Q. I want my guests to feel welcome when they stay with us and certainly don’t want to nag them. My problem is with some in-laws who I can only describe as ‘un-housetrained’. It’s fine when they are downstairs where I can keep an eye on them, but their bedroom is a problem. Last time they came they left soaking bath towels on their beds, a window open in a gale and a glass of red wine on the carpet just waiting to be kicked over. They know we don’t have cleaners so there is no excuse for anyone to go into their room other than to snoop, but it drives me mad not knowing what’s happening up there. What do you recommend?
— Name address withheld
A. Why not employ the established bedroom-checking technique as used in many country houses, namely, to keep delivering flowers to the bedrooms? This gives the host an excuse to have a snoop and the chance to make good any risk hazards encountered.
Q. I often receive requests for sponsorship of ‘charitable’ trips, where the real desire is obviously to have others pay for an often very expensive holiday — tellingly always of a type the particular cadger will enjoy — but with a virtue-signalling bonus. I always want to reply that my support will be conditional on their reciprocal backing of a first-class ‘research’ trip to the brothels and bars of Asia by me, but have thus far resisted the temptation. What is a more elegant way to decline?
— M.R., Tibenham, Norfolk
A. It’s best to decide on a charity you know to do excellent work and which you can wholeheartedly support. Let’s say, for example, Orbis, the international sight-saving charity. In this way you can reply to all such requests that you are so sorry but you’ve decided to give every penny you can afford to Orbis (or whatever charity appeals to you) and then send them a link to their webpage.
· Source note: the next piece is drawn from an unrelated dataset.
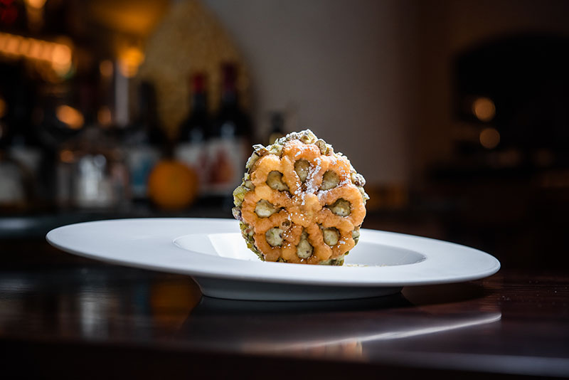 Arancina oziosa. Esta especie de croqueta está rellena de arroz, gambas rojas, burrata, limòn y menta sobre una salsa de stracchino y azafrán.

Q. My mum’s new boyfriend has wormed his way into our house and has now started ‘welcoming’ me into my own home when I come down for weekends. It is infuriating. How can I stop him without causing a bad atmosphere?
— H.R., London SW1
A. Unnerve him by remaining calm as you gush pleasantly: ‘Oh you’re so kind to say that, thank you, especially when it’s I who should be saying it to you!’
Q. May I pass on a tip to readers? I recently walked through the tourist streets of Naples entirely unmolested. I realised afterwards that the fact I was carrying two string bags of market vegetables made the likely assailants assume I was a local. The truth was I am an artist and had bought the vegetables to draw them.
— Name and address withheld
A. Thank you for this tip.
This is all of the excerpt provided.